THE ERDŐDY MANSION was built for the owner of the surrounding estate, Count József Erdődy, on the site of Hlohovec castle in the middle of the 18th century. In the account of his travels in Upper Hungary published in 1831, Joseph Adalbert Krickel recounts his stay in Hlohovec, giving details about the riding school, the stables, the shed with thirty-two fine coaches and the theatre in which Beethoven gave a concert as a guest of the Erdődys. In the middle of the 19th century, the owner granted free public access to the garden surrounding the mansion, which housed a sizeable library as well as a collection of antiquities. A pearwood Nativity creche once owned by Thomas Bakócz, Archbishop of Esztergom (1497-1521), - and held by Erdődy tradition to have firstly belonged to King Matthias Corvinus of Hungary (1458-1490) - was set up on the Rococo altar of the mansion chapel.

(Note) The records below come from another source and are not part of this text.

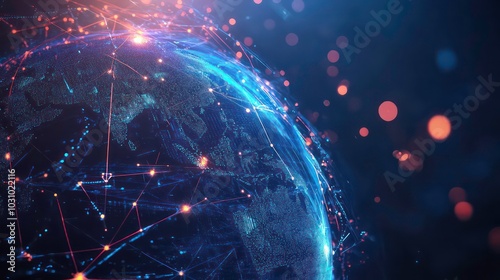 Wall mural a glowing blue and red globe with lines of code and connections symbolizing global digital network.
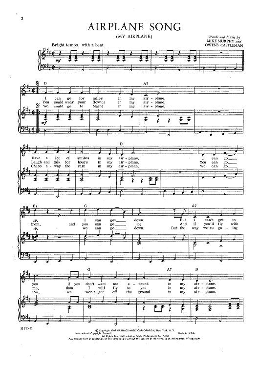 Digital Sheet Music for Airplane Song (My Airplane) by Mike Murphy, Owens Castleman, The Royal Guardsmen scored for Piano/Vocal/Chords; id:433220
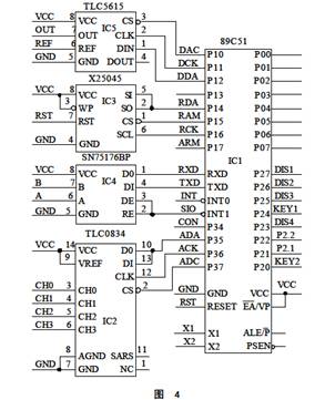 TLC0834是4路8位A/D轉(zhuǎn)換器,采集1路電壓和3路電流信號;TLC5615是10位串行D/A,將控制量變?yōu)槟M電壓信號,去控制可控硅交流調(diào)壓;X25045是含WDT和EEPROM的多功能電路,負(fù)責(zé)單片機系統(tǒng)的安全監(jiān)視和重要參數(shù)的保護(hù);SN75176是RS485接口,實現(xiàn)連網(wǎng)監(jiān)控。
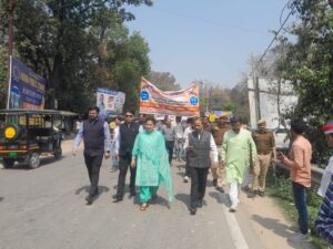 पीलीभीत दिव्यांगजन सशक्तीकरण विभाग द्वारा दिव्यांगजनों के साथ मतदाता जागरूकता रैली का आयोजन किया गया। रैली में लोकसभा चुनाव में दिनांक 19.04.2024 को शत-प्रतिशत मतदान करने का आह्वान किया गया। 50 दिव्यांगजनों की ट्राइसाइकिल व मोटराईज्ड ट्राइसाइकिल सहित व मूकबधिर दिव्यांगजनों की रैली को जिलाधिकारी/जिला निर्वाचन अधिकारी संजय कुमार सिंह द्वारा हरी झण्डी दिखाई गई। रैली आदर्श जिला दिव्यांग पुनर्वास केन्द्र से प्रारम्भ होकर छतरी चैराहा व सुनगढी थाने होते हुये गांधी स्टेडियम पर समाप्त हुई। रैली के समापन पर गांधी स्टेडियम में जिला विद्यालय निरीक्षक द्वारा सभी को मतदान करने की शपथ दिलाई गई। इस अवसर पर जनपदीय स्वीप कोआर्डिनेटर इन्तजार खान के द्वारा दिव्यांगजन मतदाताओं को मतदान के प्रति जागरूक करने के उद्देश्य से मतदाता जागरूकता ग्रीटिंग कार्ड बाटंकर शत प्रतिशत मतदान करने की अपील की गई। इस कार्यक्रम में अपर जिलाधिकारी ऋतु पूनिया, उप जिलाधिकारी, जिला विद्यालय निरीक्षक, जनपदीय स्वीप कोर्डिनेटर जिला दिव्यांगजन सशक्तीकरण अधिकारी एवं जिला क्रीडा अधिकारी मौजूद रहे। संवाददाता आरिश खान की रिपोर्ट
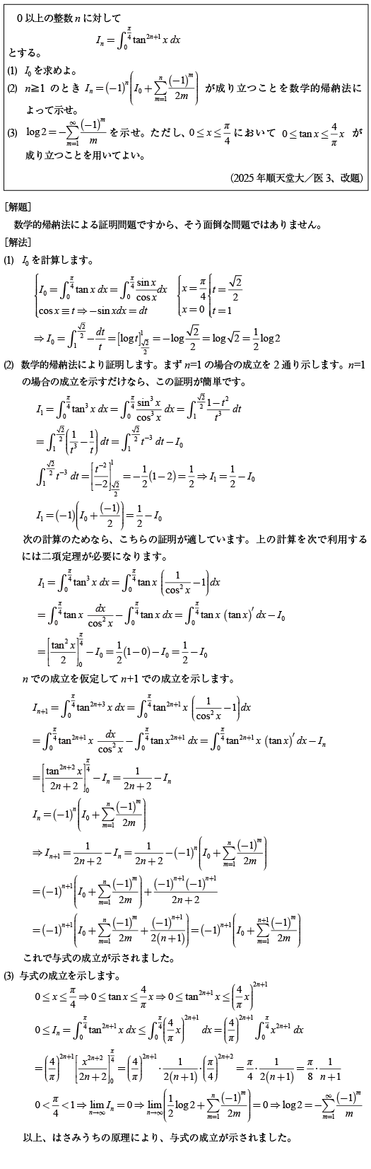 [C]正接積分の数列に関する証明問題(2025年順天堂大/医3)
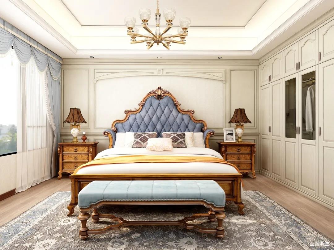 03主臥主臥設(shè)計運(yùn)用現(xiàn)代的設(shè)計手法和材質(zhì)還原了古典氣質(zhì),以干練的線條傳達(dá)著溫馨的臥房。蜿蜒的波紋曲線,細(xì)膩精致的雕花,猶如隨風(fēng)起伏的浪花,在清澈藍(lán)的床屏上跳躍,向靜態(tài)空間展示著活躍的動態(tài)效果。曲直線條完美融合,打造一個靈動而又精致的生活空間。
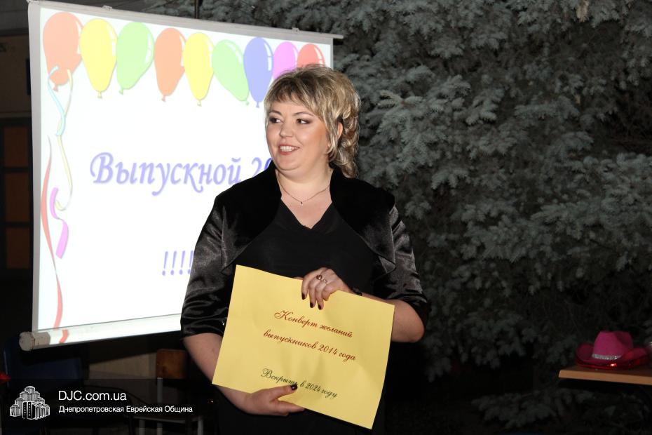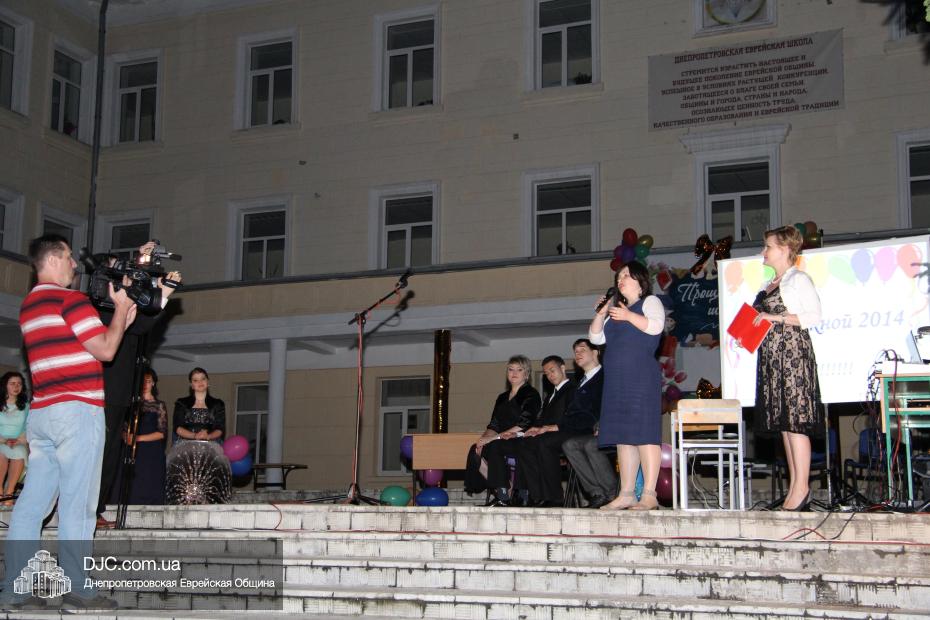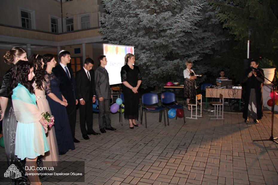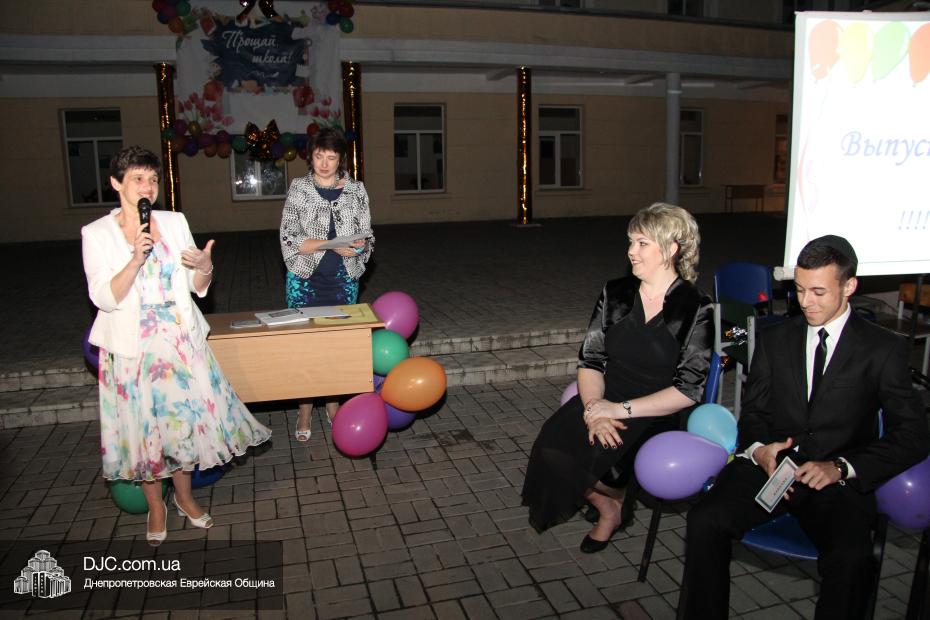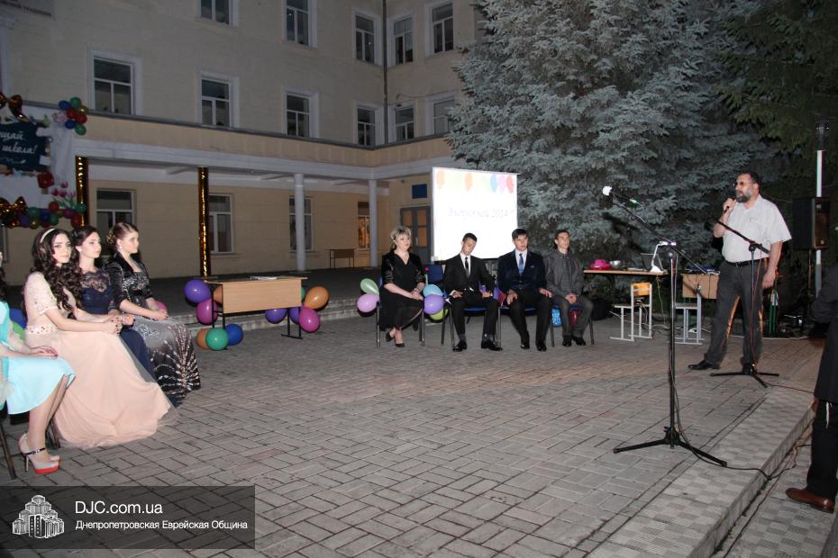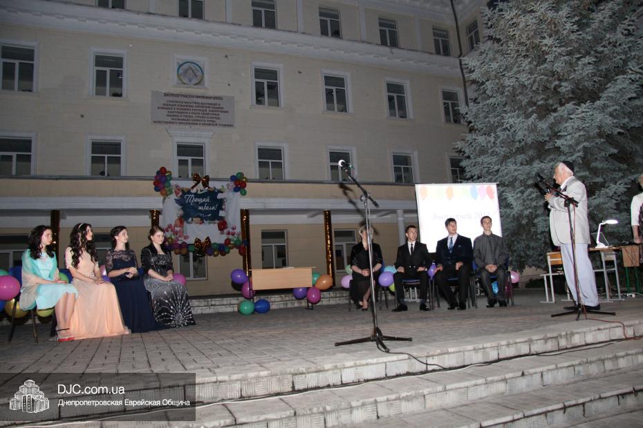 От имени всей еврейской общины и Главного раввина Днепропетровска и региона Шмуэля Каминецкого пока еще одинадцатиклассников поздравил член правления общины, руководитель ее информационного департамента Олег Ростовцев. Также поздравить детей с окончанием школы пришли предыдущие директора школы – первый директор Семен Каплунский и его приемник Георгий Скороход, который прочитал детям и их наставникам трогательное стихотворение. Далее перед собравшимися выступила куратор школы по еврейскому компоненту Юдит Барам.

Bibliography: Benczur 1846, Divald, Krickel, Lovcsányi, Luppa, Marosi, Mednyánszky 1844, Mednyánszky 1981
VÁH / Vág / Waag. A left-side tributary of the Danube, the Váh has two headstreams. The Biely Váh (White Váh) rises in the Zelené pleso Kriváňske in the High Tatras and takes on the waters of the Mlynica stream; the Čierny Váh (Black Váh) takes its source in the Nízke Tatry at Král'ova hol'a. The united headstreams become the Váh and are joined by the Belá river at Liptovský Hrádok. The river then describes arcs to the west in the Liptovská kotlina and takes on the Orava, then flows through the gorge at Kral'ovany, the Turčianska kotlina, the Malá Fatra gorge, and the breathtaking Strečno gorge to reach Žilina. There it bends southwest, and reaches the plains at Trenčín, to bend southwards again. It enters the Little Danube, and is then named Váh-Danube, takes on the Nitra river, and finally enters the Danube at Komárno. The Váh stretches over 375 km. It has always been an important natural transportation route. Its lower course is navigable but its rapid and steeply falling upper course was also used for flotage and rafting. Although there had been plans for the regulation of its course, work on it began only in the late 19th century. Since then numerous training banks and storage lakes have been constructed always with an eye to the needs of agriculture, flood-prevention, navigation and industrial energy production. It is worth noting that the look of the Váh valley has been changed to a great extent since the time it was depicted by Thomas Ender.